Sections of the corporate elite criticised Albanese’s latest announcement. Editorials and articles in the Australian and the Australian Financial Review accused the government of pursuing a failed policy of “picking business winners.” Instead, they demanded tax cuts, the “slashing” of business regulations (“red tape”) and industrial relations changes to benefit all companies.

There was no disagreement, however, with the government’s underlying pursuit of war preparations. Rather, the conflict in the ruling class is a tactical one, over how best to impose the necessary sacrifice on workers.

The Labor government is depending on the trade union apparatuses to try to suppress all industrial action and anti-war opposition, as they did in World War II, when the unions imposed strike bans, longer working hours and speed-up for the war effort.

Speaking on behalf of the union bureaucracy, the Australian Council of Trade Unions (ACTU) immediately hailed the “Future Made in Australia Act” as an “historic step forward for workers.” ACTU president Michele O’Neil praised the Labor government’s “nation-building project.”

Likewise, in February, the Maritime Union of Australia leadership welcomed Albanese to its national conference, despite his full-throated support for the Israeli genocide in Gaza. The MUA hailed the formation of a Maritime Strategic Fleet, with similar corporate subsidies, which will further integrate maritime workers into the war plans of Australian and US imperialism.

This alignment of the union leaders behind the war policies of each of their ruling classes is taking place internationally.

In the US, the integration of the union bureaucrats into the corporate-state-military apparatus is personified by United Auto Workers president Shawn Fain’s frequent appearances with President Biden.
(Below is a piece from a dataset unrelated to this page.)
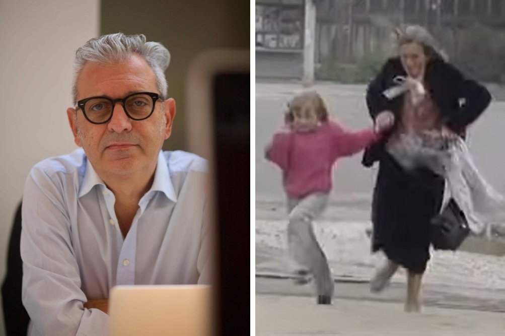 Novinar Ezio Gavazzeni je po ogledu dokumentarnega filma Sarajevo safari začel raziskovati. Po dveh letih je vložil prijavo skupaj z vsemi dokazi, ki jih je zbral, prejšnji mesec pa je milansko tožilstvo začelo uradno preiskavo (na fotografiji levo). Na fotografiji desno je trenutek iz dokumentarca Sarajevo safari, ko mati z otrokom beži skozi mesto, medtem ko se slišijo streli.

Last week, Fain joined a lavish state dinner at the White House for Japanese Prime Minister Fumio Kishida, whose visit was to strengthen military ties between Japan and the US against China.

Against the war-mongering nationalism of Labor and the unions, workers and young people need an international perspective, aimed at unifying their rising struggles globally against the corporate oligarchies and governments that demand they fight and kill each other for the benefit of the wealthy elites.

New organisations of struggle, rank-and-file committees, must be built to fight management, the union apparatuses and the capitalist state, as part of a political movement against the source of war, the capitalist profit system.